Despite the optimistic outlook, there are significant risks. In periods of market downturn, STX has consistently lagged behind the S&P 500—declining 58.2% during the inflation-induced selloff in 2022 (from $116.02 on Jan 4 to $48.49 on Nov 3, as opposed to a 25.4% S&P decline), but it fully recovered by May 27, 2025, and surged to $136.31 by June 24. During the COVID crash, STX fell 35.6% compared to a 33.9% decrease in the S&P. In the 2008 financial crisis, the stock plummeted 89.1% while the S&P dropped 56.8%.

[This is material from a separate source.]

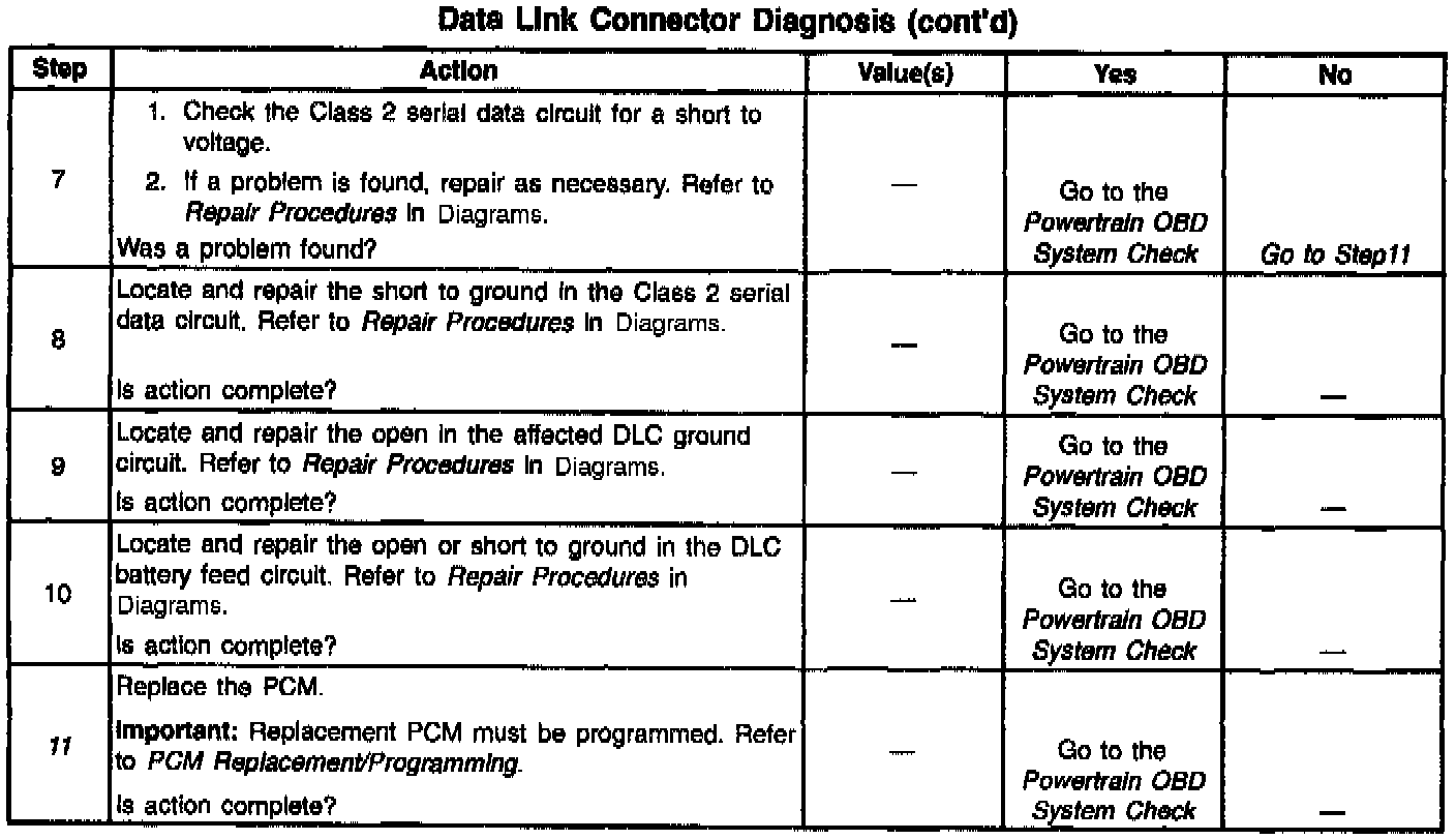 The Class 2 serial data circuit to the Data Link Connector (DLC) allows bi-directional communication between the PCM and the scan tool. If communication between the scan tool and the PCM cannot be established, the procedure in the DLC Diagnosis table should be used to diagnose the condition.

Although Seagate benefits from AI/cloud-driven storage needs, it continues to confront risks, including technological shifts, capacity constraints, regulatory or supply chain challenges, pricing pressures, and reputational issues. Investor confidence is presently reflected in premium multiples (3x P/S), but with minimal cushion, a downturn could have a significant impact, particularly in contrast to competitors like WDC, which trades closer to 1x in challenging times.